Teenagers can be volatile and dramatic as they navigate this complicated phase of life. They can also make impulsive decisions without considering the consequences. Unfortunately, this can lead to confrontational and possibly violent exchanges.
If someone accuses your child of assault or any other juvenile offense in Tennessee, consider the following suggestions.
Stay calm and don’t jump to conclusions
A parent’s first response to these allegations could be to get mad at the accuser or assume he or she is lying. However, know that there are (at least) two sides to every story. It is unlikely that you have all the details right now.
Before you start making any statements or definitive actions based on your assumptions, stop, take a deep breath and focus on getting more information before you do anything.
Talk to your child
Even if you are angry with your child, you should talk to them and get their side of the story. Tell them what you heard and allow them to give their version of events.

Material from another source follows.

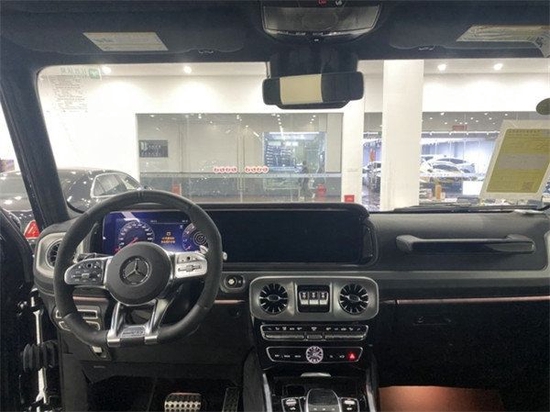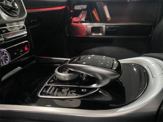 2022款奔驰G63的内饰即豪华又充满科技感,中控台多处均采用碳纤维材质覆盖,带彩色TFT显示屏的AMG仪表盘、AMG主菜单和单独的挡位显示器以及采用白色照明的AMG门槛,名贵的选材及精湛的打造都令人拍案叫绝。双12.3英寸贯穿式的显示屏营造出了浓郁的科技氛围。当然了,经典的“三把锁”按键自然不会缺席,并且设置在中控台最为显眼的位置。

This conversation could leave you feeling even angrier, sad or scared for your child’s safety, but no matter how you might be feeling, try to focus on what you can do to take care of your child in this difficult time. You might look into counseling at school or rehabilitative services. You should also examine the legal options and possible outcomes of the situation.
Get the facts
One of the most upsetting aspects of knowing your child is accused of a crime is not knowing what exactly that means. Will he or she go to prison? Will he or she be able to go to college in the fall? How will we tell other people about what has happened? Are police officers going to come to my door and arrest my child?
Such unnerving questions can add to the fear of this situation, so parents would be wise to consult an attorney to discuss the case. An attorney can explain likely outcomes, the juvenile court system in Tennessee and what you can do to prevent additional factors from complicating the case.
By staying calm and gather information before you do anything definitive, you can find it is easier to see your next steps and manage the situation with your child.